Corresponding QMS Solution—Corrective and Preventive Action (CAPA): In addition to determining root cause and investigation, the CAPA provides a method for recording and tracking any corrective actions taken, as well as verifying the effectiveness of the corrective action. Using quantitative risk assessment, an organization can conduct a risk assessment at the root cause phase, as well as at the effectiveness phase, to ensure that the corrective actions taken reduce recurrence risk to acceptable risk levels. An automated CAPA should have the ability to generate multiple report types throughout the process, including a CAPA history report that details the CAPA process from start to finish, as well as any other related records that are critical to the CAPA. This type of reporting is critical to the recall process and provides complete transparency when submitting information to the FDA.

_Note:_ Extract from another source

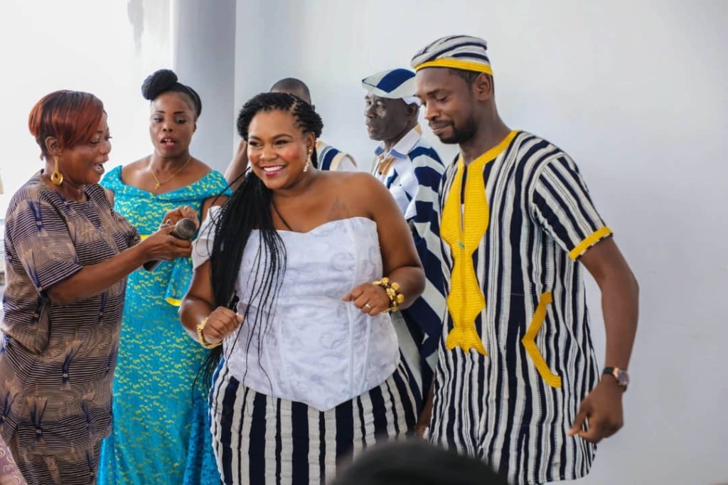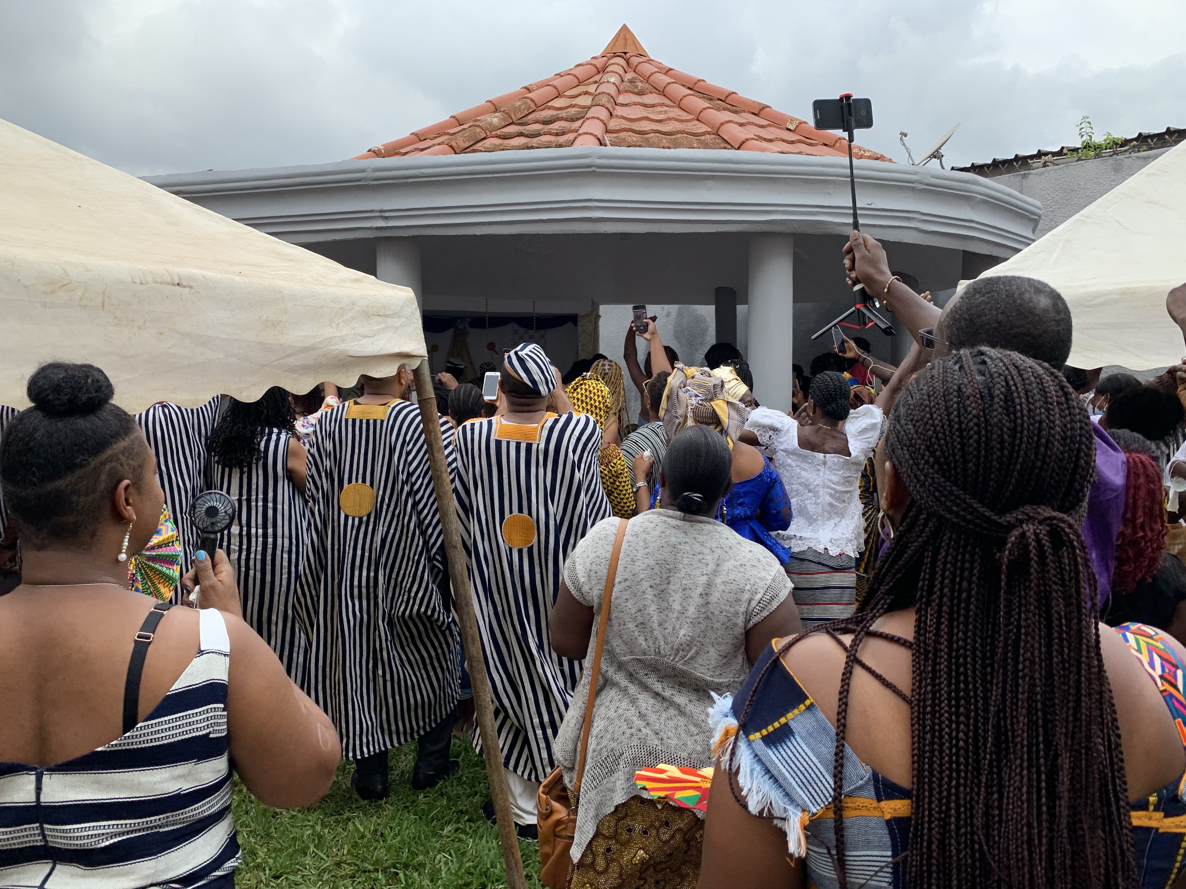 At 1:39PM, the time we were waiting for had finally arrived. My songstress/comedian/MC/host made the announcement and from the front of the house, Mr. & Mrs Douo made their way with a crowd of well wishers, from the front of the house to the back where the special area for the bride and broom awaited. The King and Queen have Arrived!! There were tears, there were cheers, there was dancing…it was awesome.

Corresponding QMS Solution—Centralized Reporting: Once the recall is executed, it is important to provide a comprehensive report. Through use of real-time, enterprise reporting tools, organizations can create status reports for each recall phase. This type of reporting provides visibility into the overall causes of the recall, offers a clear report for the FDA to review at each phase, and helps foster continuous improvement in identifying trends to prevent similar occurrences—or to execute a product or process change.

Reaping the Benefits

The QMS’s recall management system ensures that an organization is seamlessly guided through each step of the recall process. While familiar QMS functions such as document control, corrective action, complaints handling, and centralized reporting can be leveraged for recall management, there are other benefits.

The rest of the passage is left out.